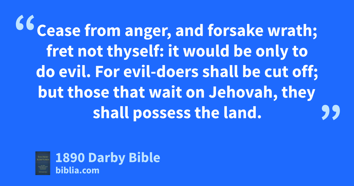 7 Rest in Jehovah, and wait patiently for him: fret not thyself because of him that prospereth in his way, because of the man that bringeth mischievous devices to pass. 8 Cease from anger, and forsake wrath; fret not thyself: it would be only to do evil. 9 For evil-doers shall be cut off; but those that wait on Jehovah, they shall possess the land. 10 For yet a little while, and the wicked is not; and thou considerest his place, but he is not. 11 But the meek shall possess the land, and shall delight themselves in the abundance of prosperity. 12 The wicked plotteth against the righteous, and gnasheth his teeth against him. 13 The Lord laugheth at him; for he seeth that his day is coming. 14 The wicked have drawn out the sword, and have bent their bow, to cast down the afflicted and needy, to slay those that are upright in the way: 15 their sword shall enter into their own heart, and their bows shall be broken. 16 The little that the righteous hath is better than the abundance of many wicked; 17 for the arms of the wicked shall be broken, but Jehovah upholdeth the righteous. 18 Jehovah knoweth the days of the perfect; and their inheritance shall be for ever: 19 they shall not be ashamed in the time of evil, and in the days of famine they shall be satisfied. 20 For the wicked shall perish, and the enemies of Jehovah shall be as the fat of lambs: they shall consume, like smoke shall they consume away.
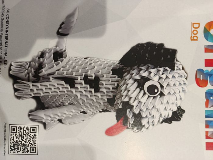 Kit créatif origami Chien. Le QR code vous permet d'accéder à une vidéo tutoriel pour monter cet origami (vérifié). Idéal pour les dimanche pluvieux. A partir de 14 ans.
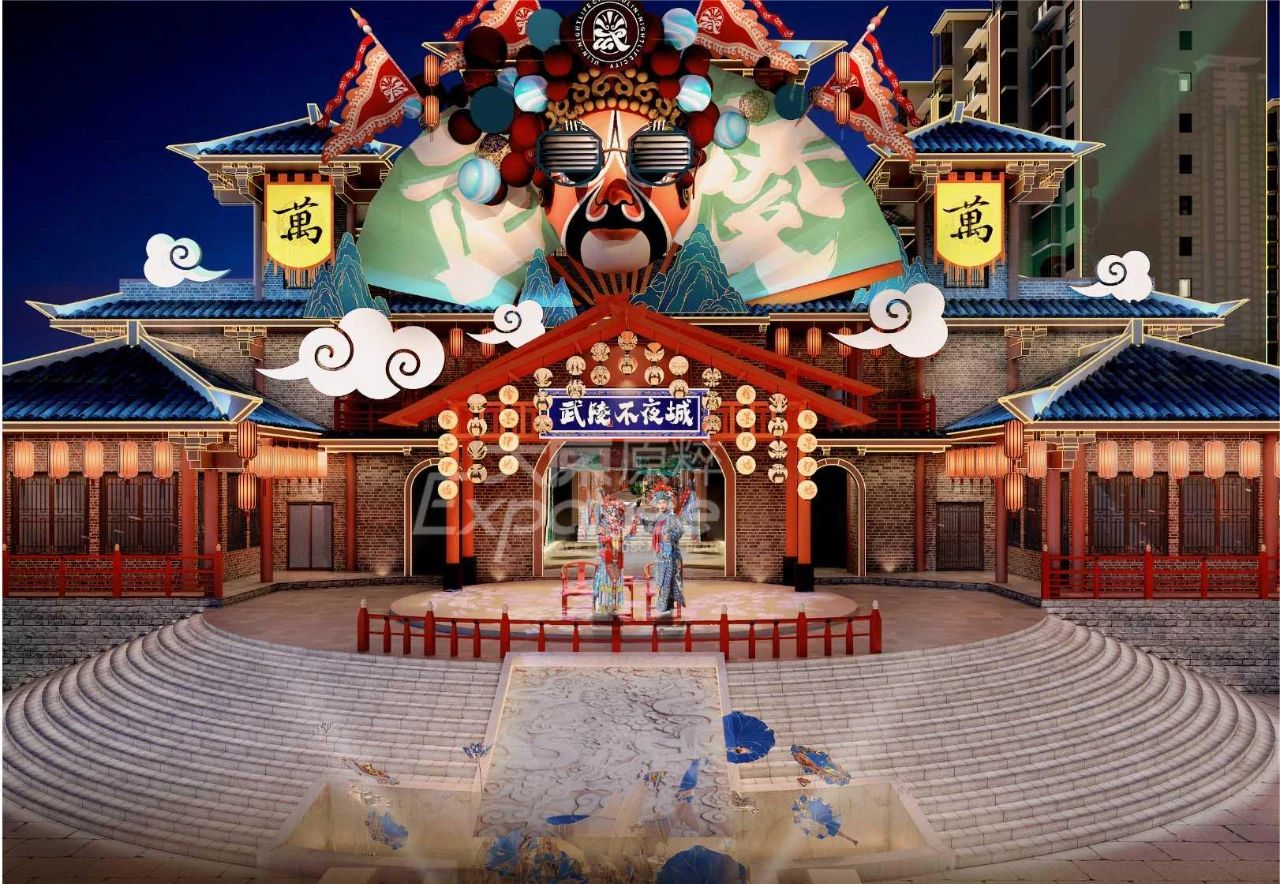 原粹提取代言城市的精神名片—“武陵戏”作为创意策略点,以山二黄国粹文化为魂,以竹溪美食为根,以夜游经济为引,叠加现代光影科技及国潮文化场景,打造“沉浸式戏曲文化主题街区”。
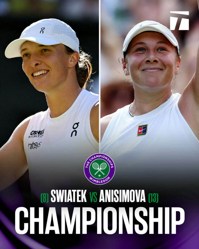 Ранее Анисимова и Свентек никогда не играли между собой. Финал Уимблдона у женщин запланирован на субботу, 12 июля.
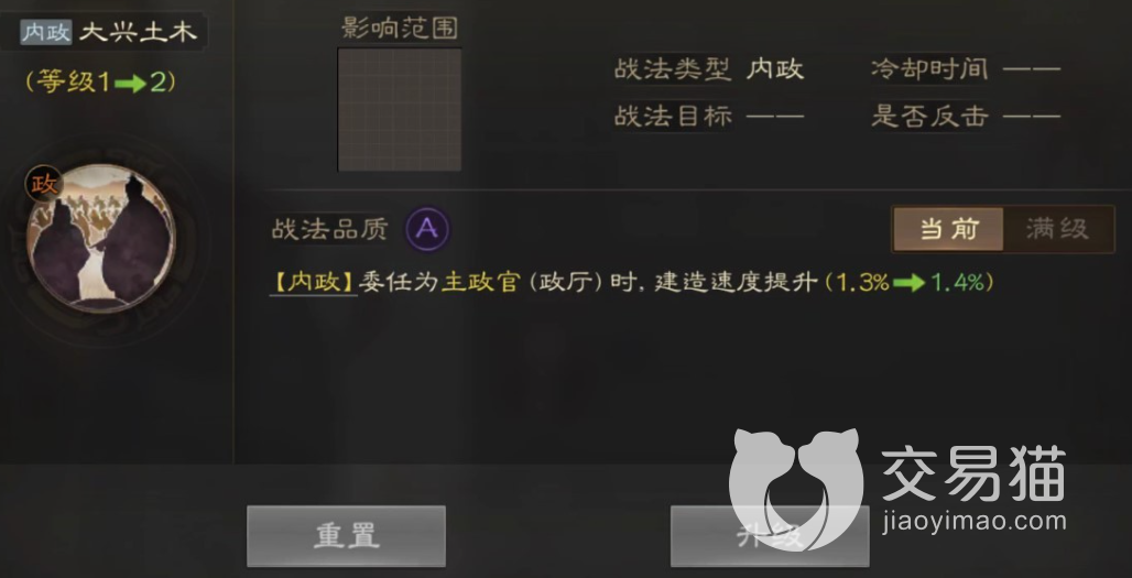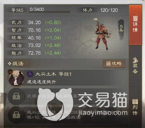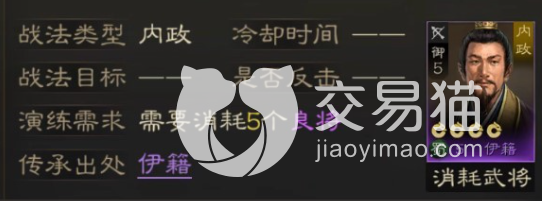 除了上述的面板和兵种配置外讨论阵容的核心关键就是战法了,战法方面伊籍的自带战法是一个内政战法,对战斗没有帮助只能用于后勤,效果是提升建造的速度,最高为2.5,另一个战法同样是一个内政后勤用的战法,该战法的效果同样是提升建造速度也是满级2.5的加成。
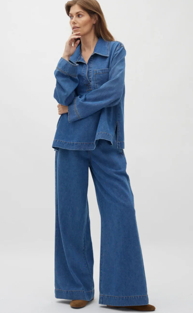 Fede bukser fra Global Funk i blå, med elastik i taljen og vidde i benene.
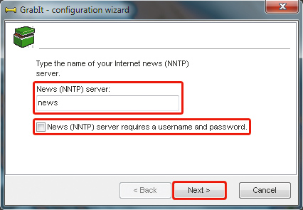 Pierwszym oknem, które pojawi się na ekranie, jest okno kreatora konfiguracji: GrabIt – configuration wizard. W oknie tym, w polu News (NNTP) server musisz wpisać adres serwera grup dyskusyjnych. Listę działających polskich serwerów usenetowych opublikowaliśmy w ramce „Adresy serwerów NNTP”. Po wpisaniu adresu serwera kliknij Next. Jeśli wpisany przez ciebie serwer wymaga uwierzytelnienia, zaznacz pole wyboru News (NNTP) server requires a username nad password. W naszym warsztacie zakładamy, że nie jest to konieczne, gdyż korzystasz z ogólnodostępnych, publicznych serwerów NNTP.
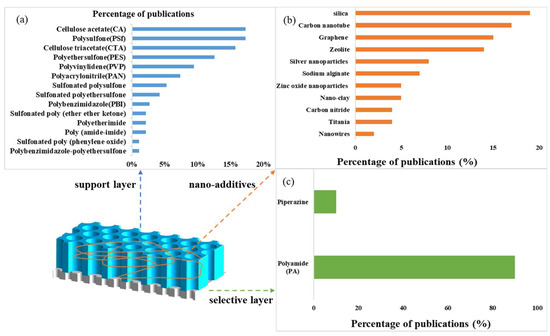Percentages of publications on polymers and nano-additives used for flat-sheet FO membranes and hollow-fiber FO membranes: (a) support layer materials; (b) nano-additives; (c) selective layer materials (modified from [17,76]).
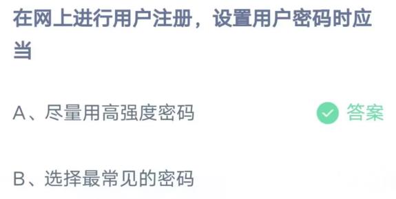 2023支付宝钱包蚂蚁庄园4月15日的题早已升级了,今日的题为:在线上进行新用户注册设定账户密码时应该?尽量用高韧性登陆密码还是选比较常见的登陆密码呢?正确答案是哪些,很有可能有很多小伙伴或许还不是很清楚。小编就给大家带来了标准答案共享,希望能够帮助到你。
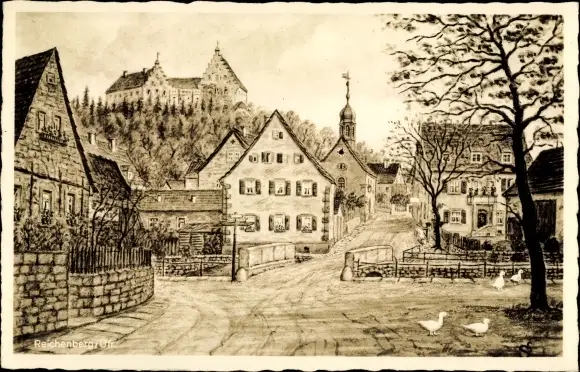 Künstler Ak Reichenberg in Unterfranken, Straßenpartie
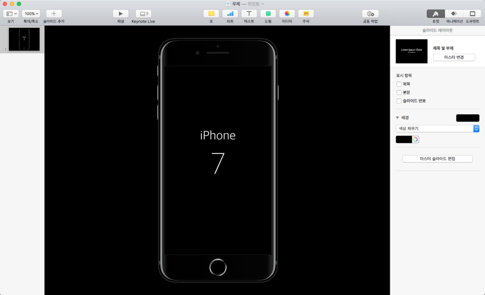저번에 제가 만든 아이폰7 키노트를 이용해 '아이폰7 인트로 애니메이션'을 만들어 보도록 하겠습니다. 결과물은 이해하기 쉽도록 키노트 파일을 첨부했습니다.

☆ ☆ ☆ ☆

* [What you will do] In the reply, each line of the data must appear exactly as written, and no picture may appear.

* [Response to this task]
 7 Rest in Jehovah, and wait patiently for him: fret not thyself because of him that prospereth in his way, because of the man that bringeth mischievous devices to pass. 8 Cease from anger, and forsake wrath; fret not thyself: it would be only to do evil. 9 For evil-doers shall be cut off; but those that wait on Jehovah, they shall possess the land. 10 For yet a little while, and the wicked is not; and thou considerest his place, but he is not. 11 But the meek shall possess the land, and shall delight themselves in the abundance of prosperity. 12 The wicked plotteth against the righteous, and gnasheth his teeth against him. 13 The Lord laugheth at him; for he seeth that his day is coming. 14 The wicked have drawn out the sword, and have bent their bow, to cast down the afflicted and needy, to slay those that are upright in the way: 15 their sword shall enter into their own heart, and their bows shall be broken. 16 The little that the righteous hath is better than the abundance of many wicked; 17 for the arms of the wicked shall be broken, but Jehovah upholdeth the righteous. 18 Jehovah knoweth the days of the perfect; and their inheritance shall be for ever: 19 they shall not be ashamed in the time of evil, and in the days of famine they shall be satisfied. 20 For the wicked shall perish, and the enemies of Jehovah shall be as the fat of lambs: they shall consume, like smoke shall they consume away.
 Kit créatif origami Chien. Le QR code vous permet d'accéder à une vidéo tutoriel pour monter cet origami (vérifié). Idéal pour les dimanche pluvieux. A partir de 14 ans.
 原粹提取代言城市的精神名片—“武陵戏”作为创意策略点,以山二黄国粹文化为魂,以竹溪美食为根,以夜游经济为引,叠加现代光影科技及国潮文化场景,打造“沉浸式戏曲文化主题街区”。
 Ранее Анисимова и Свентек никогда не играли между собой. Финал Уимблдона у женщин запланирован на субботу, 12 июля.
 除了上述的面板和兵种配置外讨论阵容的核心关键就是战法了,战法方面伊籍的自带战法是一个内政战法,对战斗没有帮助只能用于后勤,效果是提升建造的速度,最高为2.5,另一个战法同样是一个内政后勤用的战法,该战法的效果同样是提升建造速度也是满级2.5的加成。
 Fede bukser fra Global Funk i blå, med elastik i taljen og vidde i benene.
 Pierwszym oknem, które pojawi się na ekranie, jest okno kreatora konfiguracji: GrabIt – configuration wizard. W oknie tym, w polu News (NNTP) server musisz wpisać adres serwera grup dyskusyjnych. Listę działających polskich serwerów usenetowych opublikowaliśmy w ramce „Adresy serwerów NNTP”. Po wpisaniu adresu serwera kliknij Next. Jeśli wpisany przez ciebie serwer wymaga uwierzytelnienia, zaznacz pole wyboru News (NNTP) server requires a username nad password. W naszym warsztacie zakładamy, że nie jest to konieczne, gdyż korzystasz z ogólnodostępnych, publicznych serwerów NNTP.
Percentages of publications on polymers and nano-additives used for flat-sheet FO membranes and hollow-fiber FO membranes: (a) support layer materials; (b) nano-additives; (c) selective layer materials (modified from [17,76]).
 2023支付宝钱包蚂蚁庄园4月15日的题早已升级了,今日的题为:在线上进行新用户注册设定账户密码时应该?尽量用高韧性登陆密码还是选比较常见的登陆密码呢?正确答案是哪些,很有可能有很多小伙伴或许还不是很清楚。小编就给大家带来了标准答案共享,希望能够帮助到你。
 Künstler Ak Reichenberg in Unterfranken, Straßenpartie
저번에 제가 만든 아이폰7 키노트를 이용해 '아이폰7 인트로 애니메이션'을 만들어 보도록 하겠습니다. 결과물은 이해하기 쉽도록 키노트 파일을 첨부했습니다.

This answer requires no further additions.